# Domain Adaption

In [12]:
import pandas as pd
import torch
from transformers import AutoTokenizer, AutoModelForMaskedLM

## 1. Data Load & Preprocessing

In [13]:
train_dir = '../dataset/train/train.csv'
test_dir = '../dataset/test/test_data.csv'

In [14]:
pd_dataset = pd.read_csv(train_dir)
pd_dataset['sentence'].to_csv('data_sentence.txt', index=False, header=False, encoding='utf-8')

## 2. Load Model & Tokenizer

In [15]:
from transformers import AutoModelForMaskedLM, AutoTokenizer
MODEL_NAME = 'klue/roberta-large'

# Domain-pre-training corpora
dpt_corpus_train = 'data_sentence.txt'
dpt_corpus_train_data_selected = 'data_sentence_selected.txt'
dpt_corpus_val = 'data_sentence_val.txt'

# Fine-tuning corpora
# If there are multiple downstream NLP tasks/corpora, you can concatenate those files together
ft_corpus_train = 'vocab.txt'

# Load Model & Tokenizer
model = AutoModelForMaskedLM.from_pretrained(MODEL_NAME)
tokenizer = AutoTokenizer.from_pretrained(MODEL_NAME)

## 3. Data Selection

In [16]:
from pathlib import Path
from transformers_domain_adaptation import DataSelector

selector = DataSelector(
    keep=0.5,  # TODO Replace with `keep`
    tokenizer=tokenizer,
    similarity_metrics=['euclidean'],
    diversity_metrics=[
        "type_token_ratio",
        "entropy",
    ],
)

In [21]:
# Load text data into memory
fine_tuning_texts = Path(ft_corpus_train).read_text(encoding='utf-8').splitlines()
training_texts = Path(dpt_corpus_train).read_text(encoding='utf-8').splitlines()
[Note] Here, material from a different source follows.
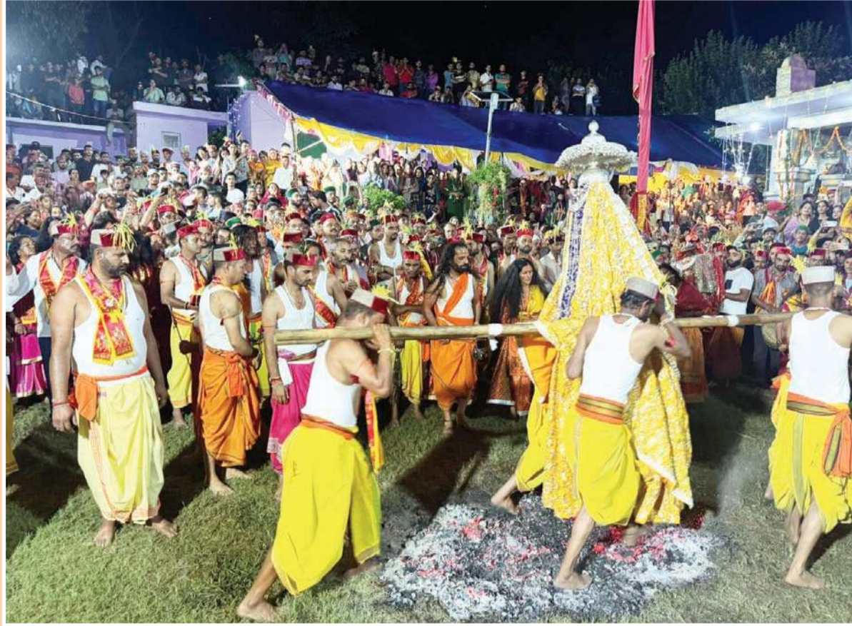
जिला कुल्लू के भुंतर स्थित पिपलागे में नैणा माता मंदिर में माता के 24वें जाग उत्सव के मौके पर माता के गूरों व चेलियों ने देव खेल आने पर दहकते अंगारों पर नृत्य कर आस्था का परिचय दिया।

# Fit on fine-tuning corpus
selector.fit(fine_tuning_texts)

# Select relevant documents from in-domain training corpus
selected_corpus = selector.transform(training_texts)

# Save selected corpus to disk under `dpt_corpus_train_data_selected`
Path(dpt_corpus_train_data_selected).write_text('\n'.join(selected_corpus), encoding='utf-8');

computing similarity: 100%|██████████| 1/1 [00:26<00:00, 26.12s/metric]
computing diversity: 100%|██████████| 2/2 [00:00<00:00,  2.03metric/s]


In [22]:
selected_corpus[0]

'"기원전 1400년에 발생한 다사라즈나 전투가 이들 인도아리아 부족들 사이에 발생한 전투들 중 제일 대표적인 전투로, 신흥 인도아리아인 부족인 바라타족이 수다스 왕의 통솔하에 펀자브 지역의 라비 강의 지배세력으로 크게 성장하자 푸루족의 왕인 푸루쿠트샤가 펀자브 지역의 다른 인도아리아인 9부족들의 왕들과 연합하여 바라타족을 공격하면서 다사라즈나 전투가 발발하였는데, 이 전투에서 수다스 왕의 통솔로 바라타족이 푸루족을 비롯한 인도아리아 10부족을 격파하며 전쟁에서 승리하면서 이들 10부족들은 바라타족에게 흡수되었으며, 이들 10개 부족을 흡수한 바라타족은 쿠루크셰트라 지역으로 이주하였고 이후 쿠루족이라는 인도아리아인 부족으로 발전하였다."'

## 4. Vocabulary Augmentation

In [None]:
from transformers_domain_adaptation import VocabAugmentor

target_vocab_size = 32500  # len(tokenizer) == 30_522

augmentor = VocabAugmentor(
    tokenizer=tokenizer, 
    cased=False,
    target_vocab_size=target_vocab_size
)

# Obtain new domain-specific terminology based on the fine-tuning corpus
#new_tokens = augmentor.get_new_tokens(ft_corpus_train)
new_tokens = augmentor.get_new_tokens(open(dpt_corpus_train, 'rt', encoding='UTF8'))

In [None]:
new_tokens

In [None]:
# Update model and tokenizer with new vocab terminologies
tokenizer.add_tokens(new_tokens)
model.resize_token_embeddings(len(tokenizer))

## 5. Domain Pre-Training

In [25]:
import itertools as it
from pathlib import Path
from typing import Sequence, Union, Generator

from datasets import load_dataset
from transformers import DataCollatorForLanguageModeling, Trainer, TrainingArguments

In [31]:
datasets = load_dataset(
    'text', 
    data_files={
        "train": dpt_corpus_train, 
        "val": dpt_corpus_train_data_selected
    }
)

tokenized_datasets = datasets.map(
    lambda examples: tokenizer(examples['text'], truncation=True, max_length=model.config.max_position_embeddings), 
    batched=True
)

data_collator = DataCollatorForLanguageModeling(
    tokenizer=tokenizer, mlm=True, mlm_probability=0.15
)

Using custom data configuration default


Downloading and preparing dataset text/default-e7847afc364aadc7 (download: Unknown size, generated: Unknown size, post-processed: Unknown size, total: Unknown size) to C:\Users\N\.cache\huggingface\datasets\text\default-e7847afc364aadc7\0.0.0\daf90a707a433ac193b369c8cc1772139bb6cca21a9c7fe83bdd16aad9b9b6ab...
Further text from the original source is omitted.